If you're using solid wire you could wrap the wire between the nuts. Terminals won't hold well on solid wire. Stranded wire would make use of the tab connectors. You might want to make some kind of a shield for that motor to keep dust and chips out since it's an open frame motor.


----------



## John Hasler (Sep 18, 2016)

jim18655 said:


> If you're using solid wire you could wrap the wire between the nuts. Terminals won't hold well on solid wire. Stranded wire would make use of the tab connectors.

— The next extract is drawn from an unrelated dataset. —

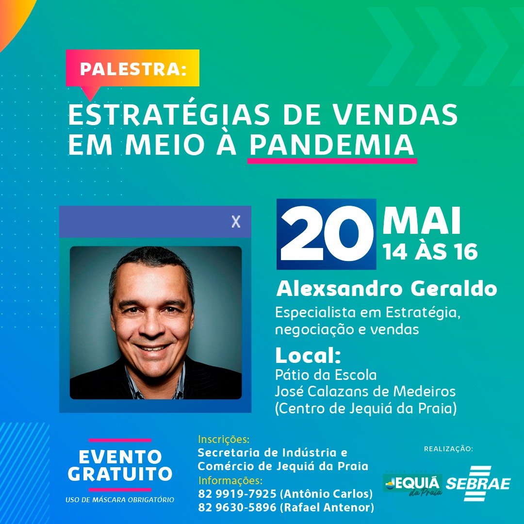 Os empreendedores do município de Jequiá da Praia, a 65 quilômetros de Maceió, vão poder participar de uma palestra gratuita na próxima quinta-feira (20) com foco no aumento das vendas durante a pandemia de Covid-19. O especialista em Estratégia, Negociação e Vendas, Alexsandro Geraldo, é quem vai falar para o público, no pátio da escola José Calazans de Medeiros, no Centro da cidade, das 14h às 16h.
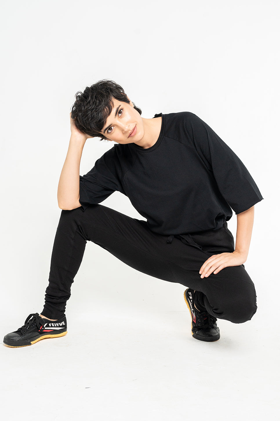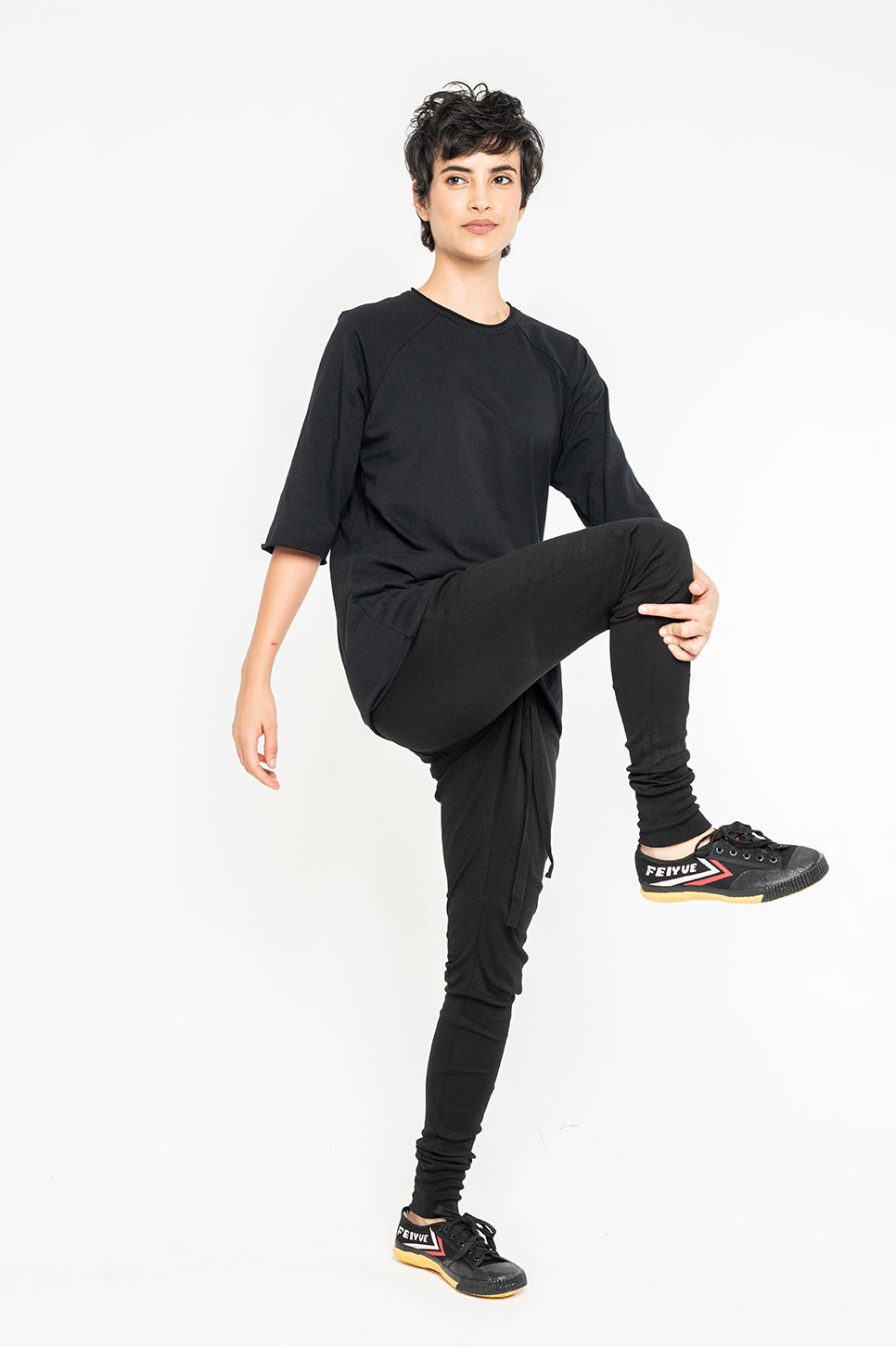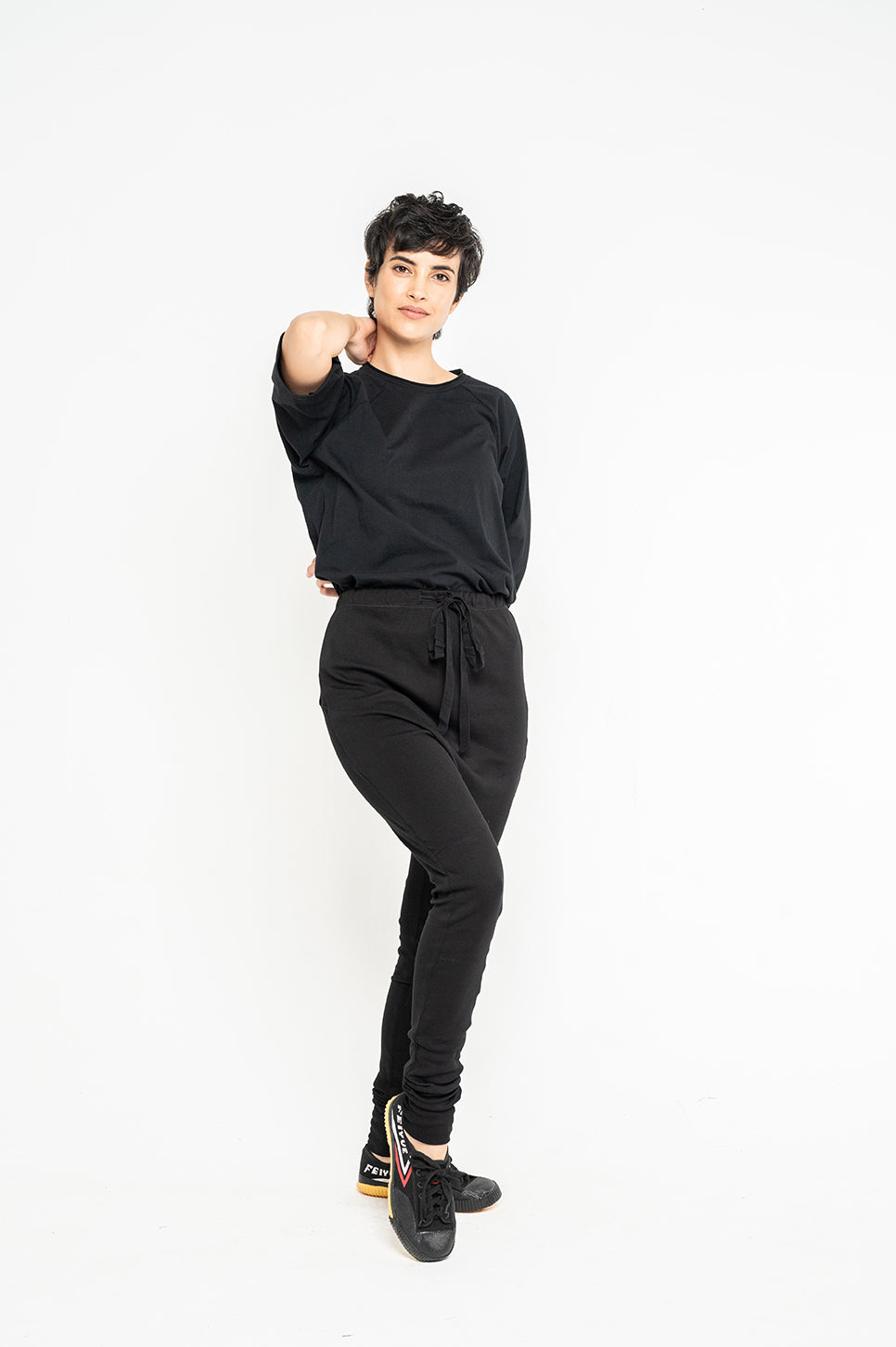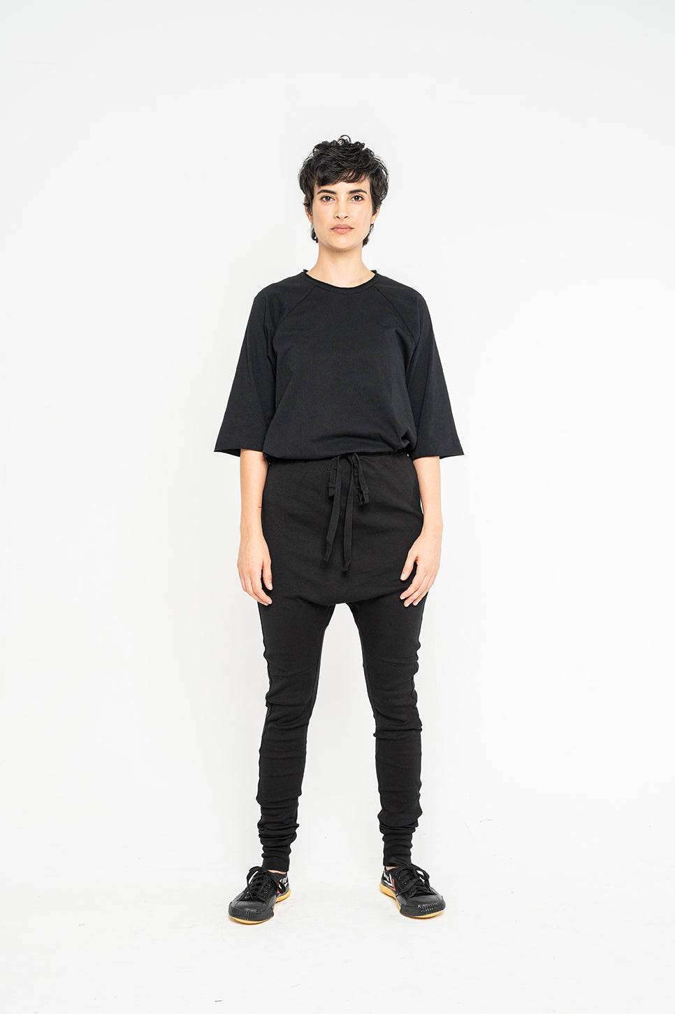 מכנסי גטקס בעלי שק עמוק, גומי רך בחגורה עם שרוכים להידוק ופאטצ'ים בברכיים. עשויים בד סריג כותנה רך, גמיש ומפנק.- רנא: גובה 163 ס"מ. היקפים: חזה 83 ס"מ | מותן 68 ס"מ | אגן 93 ס"מ, לובשת מידה 0.

You might want to make some kind of a shield for that motor to keep dust and chips out since it's an open frame motor.


Better not to use solid wire, though.


----------



## silverhawk (Sep 18, 2016)

All good points.  I have a gremlin or two to sort out in the miles of wiring for an old car, but I would definitely stick with the stranded wire in a case like this.  I already have a power cord and attached female spade connectors, we'll hook it up tomorrow and see how well it wants to turn.  Thanks, all!


----------



## silverhawk (Sep 19, 2016)

Wow.  That motor was taken care of by someone.  The guy I picked it up from said it came from an older gentleman's wood shop, so I am definitely inclined to believe him - it spun right up, and was so quiet, I couldn't tell it was running until I brushed the shaft and pulley.  It's very well balanced, and those bearings are in phenomenal shape!  Woohoo!  Now for a pulley to finish the countershaft, and I'm ready to fire the ol' lathe up!


----------